:: What is expected ::
Reproduce what is written in the records below exactly, and leave out the images.
--------------------------------
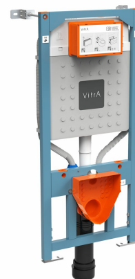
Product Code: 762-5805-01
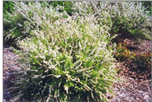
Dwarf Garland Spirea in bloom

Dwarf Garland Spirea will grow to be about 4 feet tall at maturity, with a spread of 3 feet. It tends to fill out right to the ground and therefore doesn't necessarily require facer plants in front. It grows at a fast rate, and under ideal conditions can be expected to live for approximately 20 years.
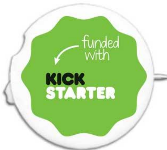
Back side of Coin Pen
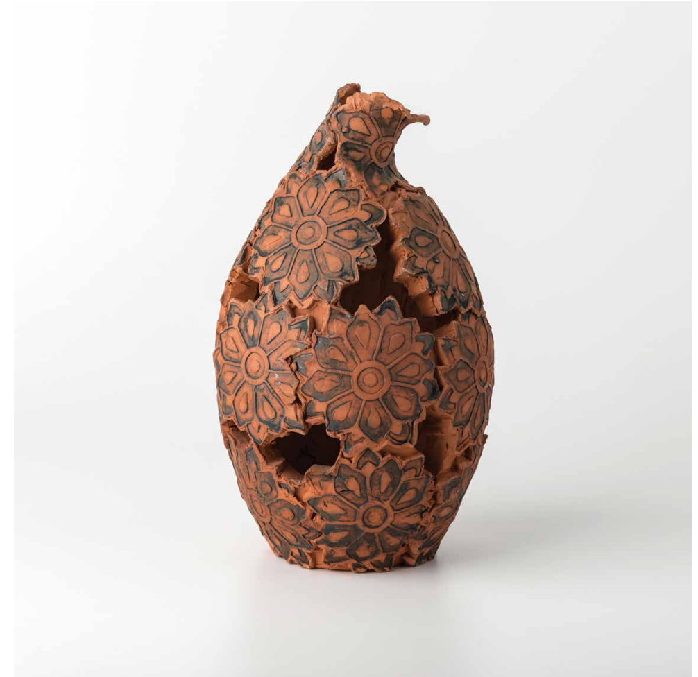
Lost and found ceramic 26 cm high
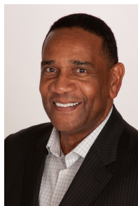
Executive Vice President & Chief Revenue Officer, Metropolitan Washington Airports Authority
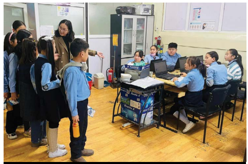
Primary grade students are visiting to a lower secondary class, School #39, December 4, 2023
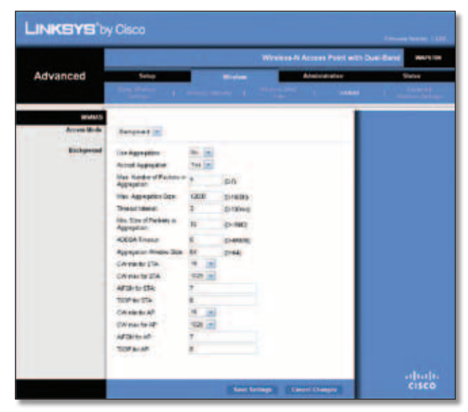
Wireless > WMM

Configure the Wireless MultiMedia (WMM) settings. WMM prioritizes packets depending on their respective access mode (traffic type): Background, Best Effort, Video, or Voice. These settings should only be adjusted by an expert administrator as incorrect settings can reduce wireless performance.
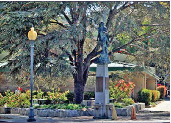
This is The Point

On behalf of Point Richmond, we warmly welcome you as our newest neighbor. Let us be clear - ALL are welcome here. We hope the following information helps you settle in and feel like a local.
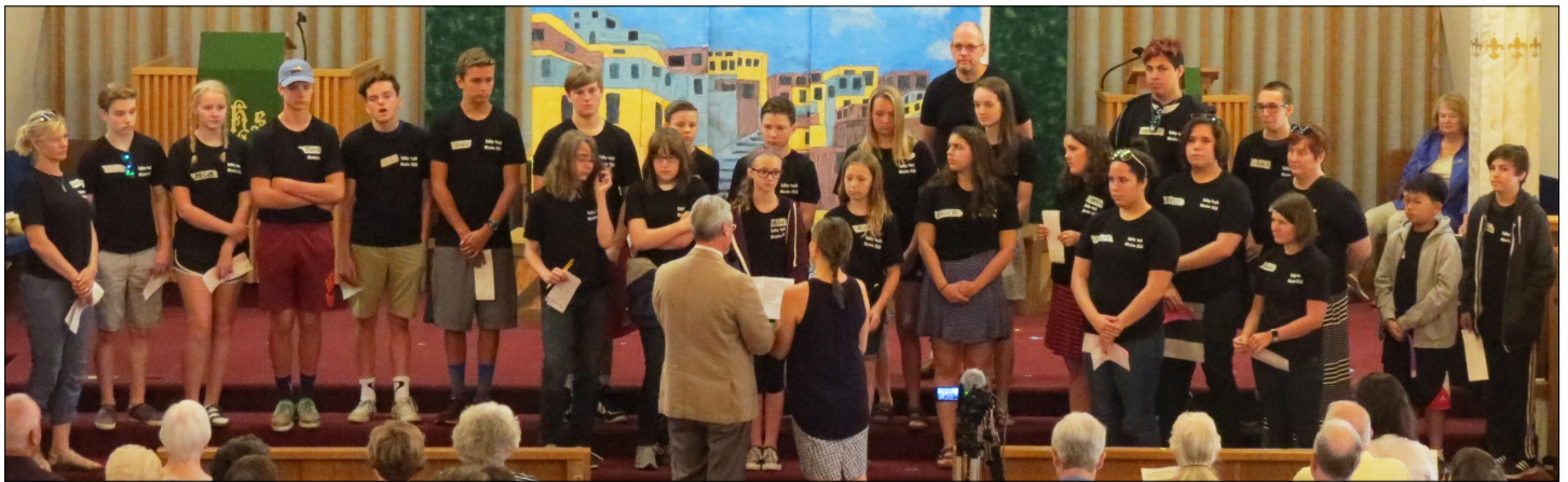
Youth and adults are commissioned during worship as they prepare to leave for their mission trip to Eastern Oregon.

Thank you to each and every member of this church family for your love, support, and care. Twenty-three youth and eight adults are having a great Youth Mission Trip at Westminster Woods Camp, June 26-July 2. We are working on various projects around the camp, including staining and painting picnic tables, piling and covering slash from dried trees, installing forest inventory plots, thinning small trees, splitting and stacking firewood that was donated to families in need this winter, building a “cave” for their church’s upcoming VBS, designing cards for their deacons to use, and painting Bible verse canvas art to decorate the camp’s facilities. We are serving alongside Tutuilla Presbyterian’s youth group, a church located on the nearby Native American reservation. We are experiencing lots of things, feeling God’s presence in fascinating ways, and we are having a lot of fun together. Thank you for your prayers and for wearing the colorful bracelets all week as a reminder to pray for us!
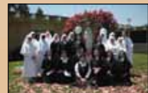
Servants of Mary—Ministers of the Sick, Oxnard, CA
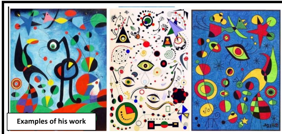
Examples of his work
--------------------------------
:: Written response ::
Product Code: 762-5805-01
Dwarf Garland Spirea in bloom

Dwarf Garland Spirea will grow to be about 4 feet tall at maturity, with a spread of 3 feet. It tends to fill out right to the ground and therefore doesn't necessarily require facer plants in front. It grows at a fast rate, and under ideal conditions can be expected to live for approximately 20 years.
Back side of Coin Pen
Lost and found ceramic 26 cm high
Executive Vice President & Chief Revenue Officer, Metropolitan Washington Airports Authority
Primary grade students are visiting to a lower secondary class, School #39, December 4, 2023
Wireless > WMM

Configure the Wireless MultiMedia (WMM) settings. WMM prioritizes packets depending on their respective access mode (traffic type): Background, Best Effort, Video, or Voice. These settings should only be adjusted by an expert administrator as incorrect settings can reduce wireless performance.
This is The Point

On behalf of Point Richmond, we warmly welcome you as our newest neighbor. Let us be clear - ALL are welcome here. We hope the following information helps you settle in and feel like a local.
Youth and adults are commissioned during worship as they prepare to leave for their mission trip to Eastern Oregon.

Thank you to each and every member of this church family for your love, support, and care. Twenty-three youth and eight adults are having a great Youth Mission Trip at Westminster Woods Camp, June 26-July 2. We are working on various projects around the camp, including staining and painting picnic tables, piling and covering slash from dried trees, installing forest inventory plots, thinning small trees, splitting and stacking firewood that was donated to families in need this winter, building a “cave” for their church’s upcoming VBS, designing cards for their deacons to use, and painting Bible verse canvas art to decorate the camp’s facilities. We are serving alongside Tutuilla Presbyterian’s youth group, a church located on the nearby Native American reservation. We are experiencing lots of things, feeling God’s presence in fascinating ways, and we are having a lot of fun together. Thank you for your prayers and for wearing the colorful bracelets all week as a reminder to pray for us!
Servants of Mary—Ministers of the Sick, Oxnard, CA
Examples of his work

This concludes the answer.